По Корее, Маньчжурии и Ляодунскому полуострову. Корейские сказки - стр. 58
Еще пример китайской азартности: торги.
На всякие торги китайцы жадно стремятся, набивают цены, и на этот раз даже не помогает во всех остальных отношениях строгая, выдержанная, корпоративная организация.
Все эти дни прошли в окончательных приготовлениях: покупаем провизию, разные дорожные вещи. В свободное же от покупок время знакомимся с местным обществом, и жизнь его, как в панораме, проходит перед нами. Один драматический и опереточный театр действует, лихорадочно достраивается другой – там будут петь малороссы; работает цирк.
Мы были и в театре и в цирке. Что сказать о них? Силы в общем слабые, но есть и таланты. В общем же житье артиста здесь сравнительно с Россией более сносное, и здешняя публика относится к ним хорошо. Хорошо относится и печать.
Первого сентября выходит еще одна, новая, третья газета здесь. Дело издания в руках бывшего политического ссыльного, с которым я познакомился у бывшего его тюремного начальства на Сахалине. Это был интересный обед, с разговорами о Кеннане[31] и всем пережитом.

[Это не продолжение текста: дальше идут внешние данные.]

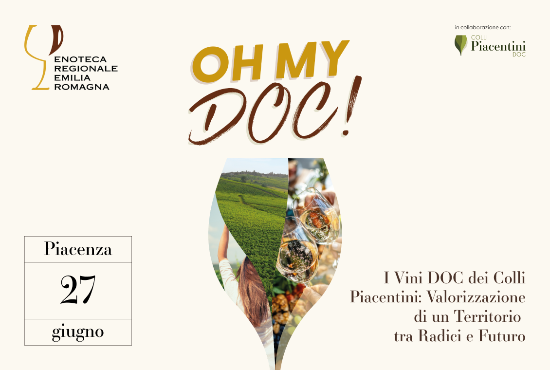 In occasione dei Venerdì Piacentini, Enoteca Regionale Emilia Romagna, in collaborazione con il Consorzio Vini DOC Colli Piacentini, presenta Oh My DOC, un evento che celebra i vini DOC piacentini e il legame profondo tra tradizione vitivinicola e identità territoriale.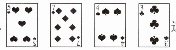 所给扑克牌的点数分别为$5$、$7$、$4$、$3$,下面写出两道算式: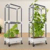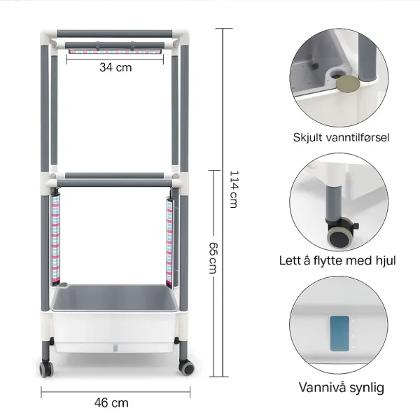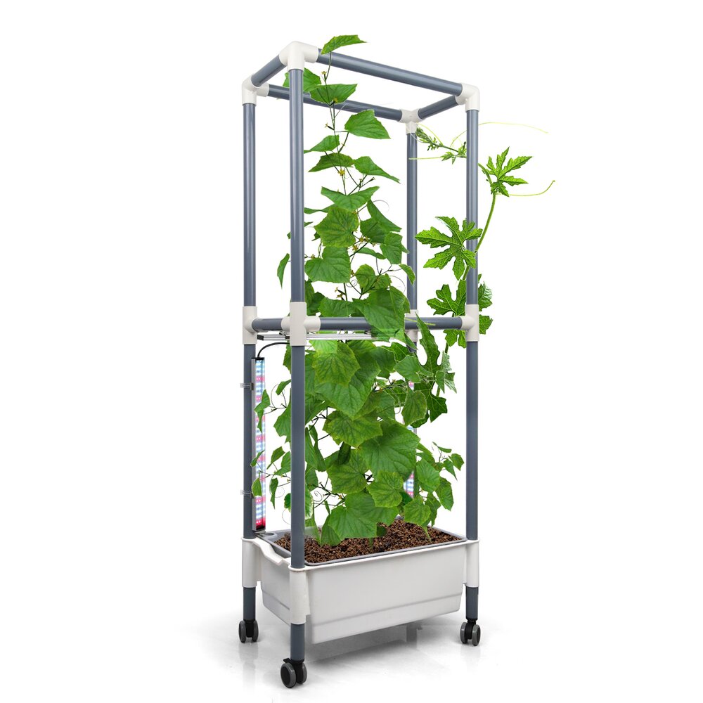 Systemet leveres komplett med klatreramme, plantekasser, LED-lys med elektronikk og vannpumpe med rør for sirkulasjon. Du fyller vann/næring i reservoar, setter i gang pumpen og lar systemet distribuere væske jevnt til plantene hele døgnet.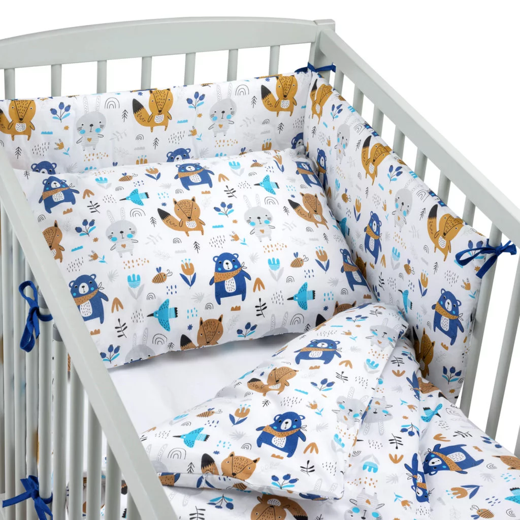 Mantinel chrání jemnou pokožku dítěte před náhodnými nárazy do boků postýlky, čímž vytváří bezpečný prostor pro odpočinek.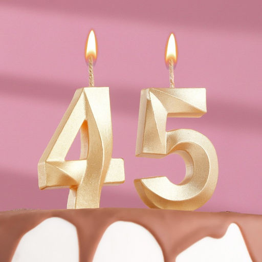 Свеча в торт юбилейная "Грань" (набор 2 в 1), цифра 45, цифра 54, золотой металлик, 6,5 см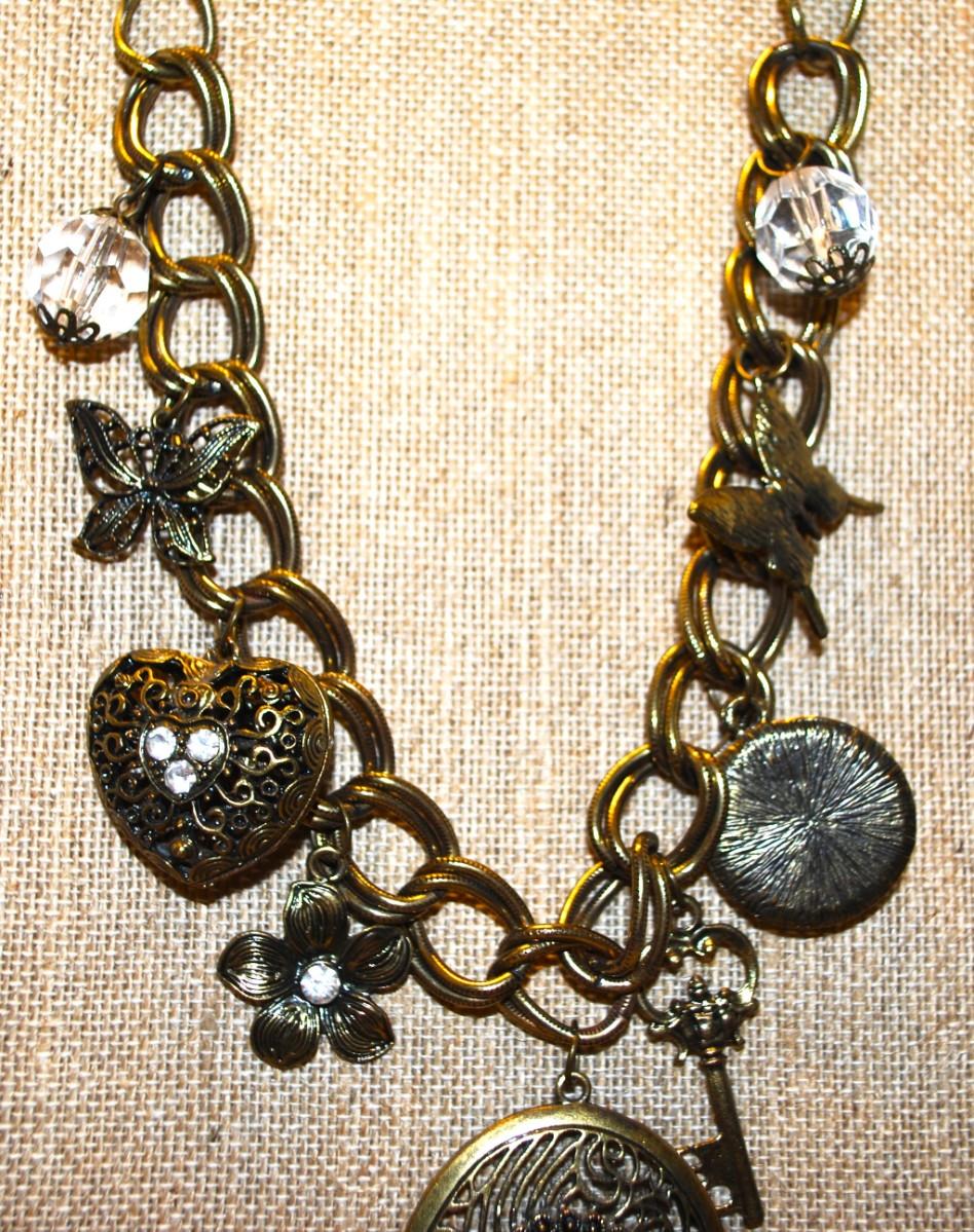Fun Necklace with Butterflies, Puffy Heart, Key, Baubles and More 20" L

Один горячо настаивал на том, что все дело было сильно раздуто, другие, напротив, доказывали, что раздутого ничего не было. Я лично склонялся к доводам последних, так как у первых было больше азарта в нападении, чем фактов…
Речь заходит о побывавших здесь литераторах: Чехове, Дедлове, Сигме, Дорошевиче.
– Да что литераторы, – говорит хозяин дома, – это в прежнее время было что-то особенное, а теперь? Из всех сидящих здесь кто не литератор? Каждый из нас пишет в газетах – я, он, они, в столичных… Все умеем и мысли свои высказать, и литературно изложить их, и… приврать.
– Кстати, проверить один факт, – говорю я, – про одну даму на Сахалине, которая будто бы секла заключенных.
– Кто такая?
Я называю фамилию и говорю, что она жаловалась мне на пароходе на то, что на нее так жестоко наклеветал Чехов.
– Сечь она не секла, но по лицам била сапожников, портных…
Со всех сторон следуют энергичные подтверждения. На этот раз кажется все настолько достоверным, что я решаюсь этот факт занести в свой дневник и тем восстановить репутацию своего коллеги. Может быть, в свое время она так же горько будет жаловаться кому-нибудь и на меня. Но при чем я тут? И если говорят все, что дама эта действительно была нехорошая, злая дама, злоупотреблявшая своим, и даже не своим, а положением своего мужа, то пусть и знает эта дама, что все, конечно, можно сделать: и злоупотребить своим положением и не стесняться своим человеческим долгом, но потом для всякого наступает история, которая и клеймит каждого его клеймом.